The new application enables on-site identification of textile blends and shoe components, giving manufacturers and recyclers faster material data for sorting, compliance and circularity.
trinamiX GmbH is expanding its mobile near-infrared spectroscopy portfolio with new applications for the textile and footwear industries. The solution allows manufacturers, sorters, recyclers and brand owners to identify material composition within seconds, addressing one of the biggest barriers to textile circularity: reliable, decentralised material recognition.
The textile application will be available from May 2026 and is designed for textile and carpet manufacturers, sorting facilities and recycling companies.

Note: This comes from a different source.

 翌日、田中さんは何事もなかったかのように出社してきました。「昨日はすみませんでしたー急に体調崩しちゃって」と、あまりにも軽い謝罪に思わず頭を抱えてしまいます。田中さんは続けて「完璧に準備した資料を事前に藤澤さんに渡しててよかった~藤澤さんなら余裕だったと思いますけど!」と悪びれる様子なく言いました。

Faster identification for complex products
Modern textiles and shoes are increasingly difficult to classify by visual inspection. Footwear may combine ethylene vinyl acetate, polyester, polyurethane and multi-layer structures. Textile products often contain blended fibres such as cotton/polyester or viscose/polyester, where composition determines the appropriate recycling route.

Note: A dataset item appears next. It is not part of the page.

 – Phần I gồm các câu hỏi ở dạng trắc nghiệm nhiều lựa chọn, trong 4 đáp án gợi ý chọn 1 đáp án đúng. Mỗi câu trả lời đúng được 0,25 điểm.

trinamiX’s handheld NIR device enables non-destructive, on-site testing across incoming inspection, production, sorting and recycling operations. For binary textile blends, the system can quantify fibre shares as percentages, supporting more accurate sorting and validation of material declarations.
Recycling quality depends on cleaner streams
Material contamination is a major challenge in textile and footwear recycling. Incorrectly sorted fibres can reduce recycled-yarn quality, limit closed-loop use and push materials into lower-value downcycling. By identifying materials quickly at the point of handling, mobile NIR can improve separation accuracy and reduce reliance on manual sorting.
For footwear, the technology can help classify components before recycling or repair decisions are made. For textiles, it can support sorting by fibre type, blend ratio and recycling suitability—critical as more brands set recycled-content targets and prepare for stricter product-data requirements.
A data layer for circular systems
The system combines a handheld spectrometer, mobile app, cloud-based analysis and customer portal for documentation and data export. Standardised interfaces allow integration into existing software environments, making the technology relevant not only for recycling operations but also for Digital Product Passport readiness and sustainability performance reporting.
The next test is adoption at industrial scale. If mobile NIR becomes widely deployed across sorting centres, mills and brand supply chains, it could help close the information gap that currently limits textile-to-textile recycling and higher-value material recovery.